== GIVEN DATA ==

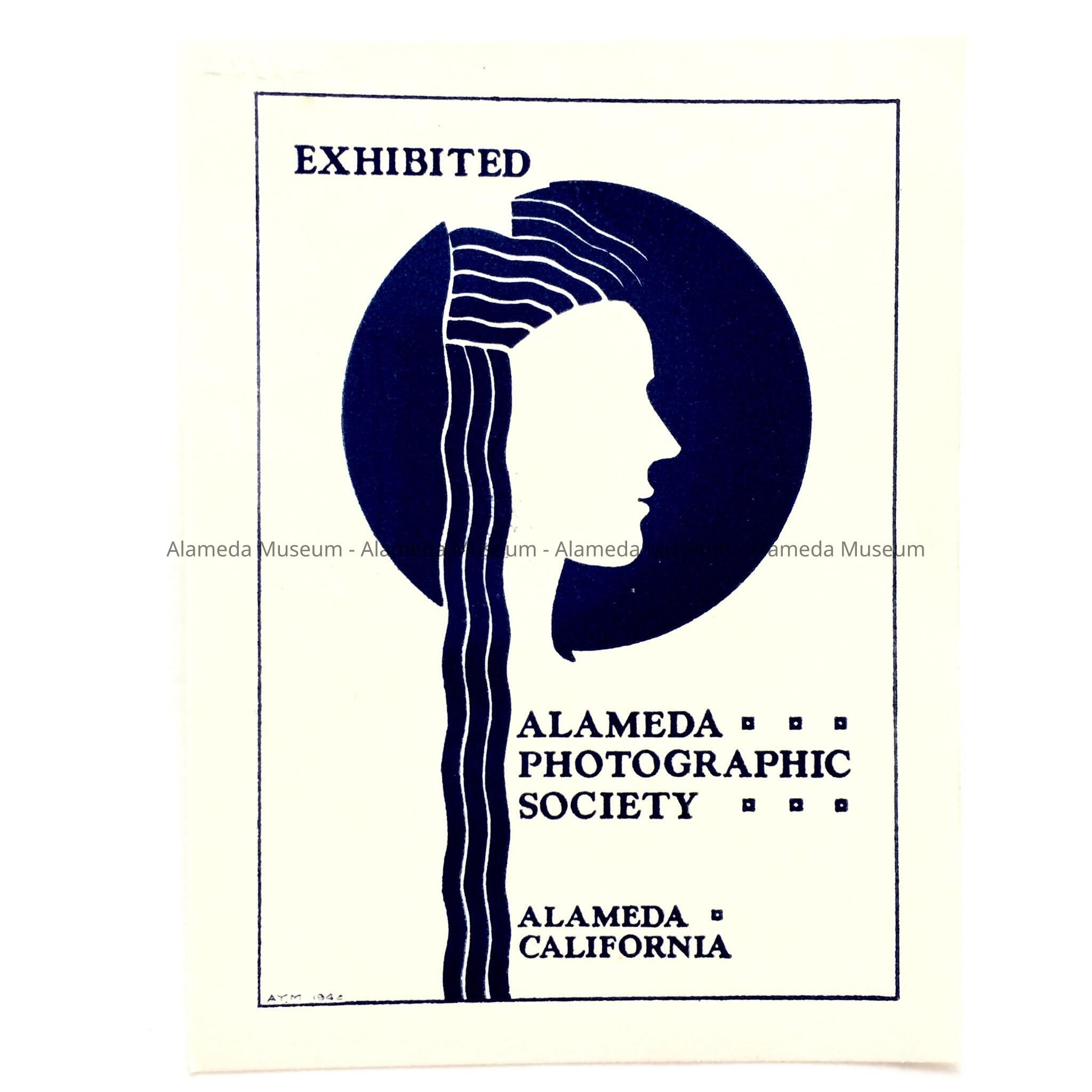Description: Paper label with graphics and caption in dark blue colored type on a white colored background. Caption states "Alameda Photographic Society".
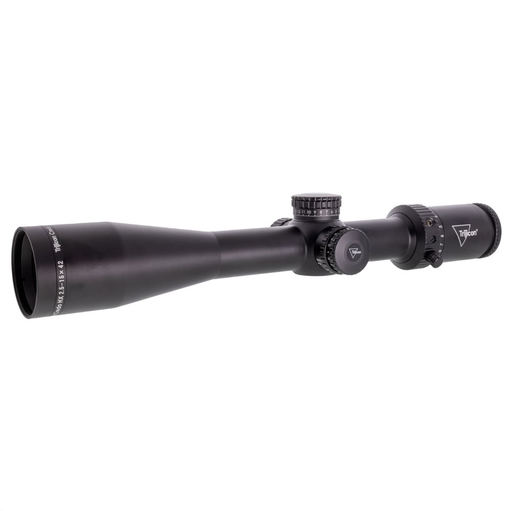 Available in versatile 2.5-10x56, 2.5-15x42, 2.5-15x56, and 4-16x50 configurations, each Second Focal Plane Credo HX scope is engineered to hold zero and perform reliably through extreme temperature swings, recoil, vibration, and hard use. Red and green LED illumination ensures confident aiming in any light, while exposed elevation adjusters with return-to-zero make dialing fast, repeatable, and tool-free. Built around a durable 30mm tube and tested to Trijicon’s stringent "Science of Brilliant®" standards, the Credo HX is a dependable companion for serious hunters who refuse to compromise.
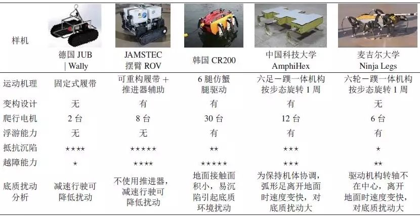 当前服役的深海爬行作业的小型机器人系统,均采用了履带式构型,通过设计可重构的履带构型、使用推进器辅助等方式可以提高海底爬行式机器人的海底行走适应性。下表对比列出了几种典型海底可爬行机器人的爬行构型特征。
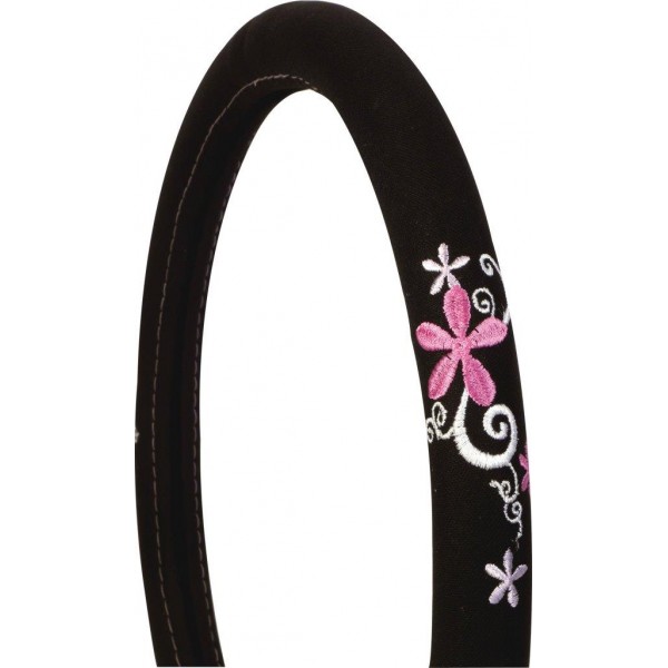 Univerzális kormányvédő virágmintával, fekete
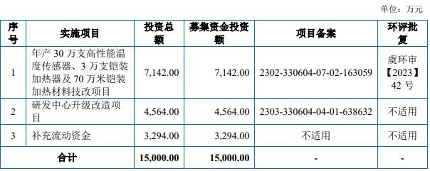 春晖仪表原拟募集资金15,000.00万元,计划用于“年产30万支高性能温度传感器、3万支铠装加热器及70万米铠装加热材料技改项目”、“研发中心升级改造项目”、“补充流动资金”。

===

▶ **ABOUT THIS EXERCISE**
The copy should begin at the line containing "Univerzális kormányvédő virágmintával, fekete" and end at the last line of the data above; please restate those lines word for word without the pictures.

▶ **ANSWER SPACE**
 Univerzális kormányvédő virágmintával, fekete
 春晖仪表原拟募集资金15,000.00万元,计划用于“年产30万支高性能温度传感器、3万支铠装加热器及70万米铠装加热材料技改项目”、“研发中心升级改造项目”、“补充流动资金”。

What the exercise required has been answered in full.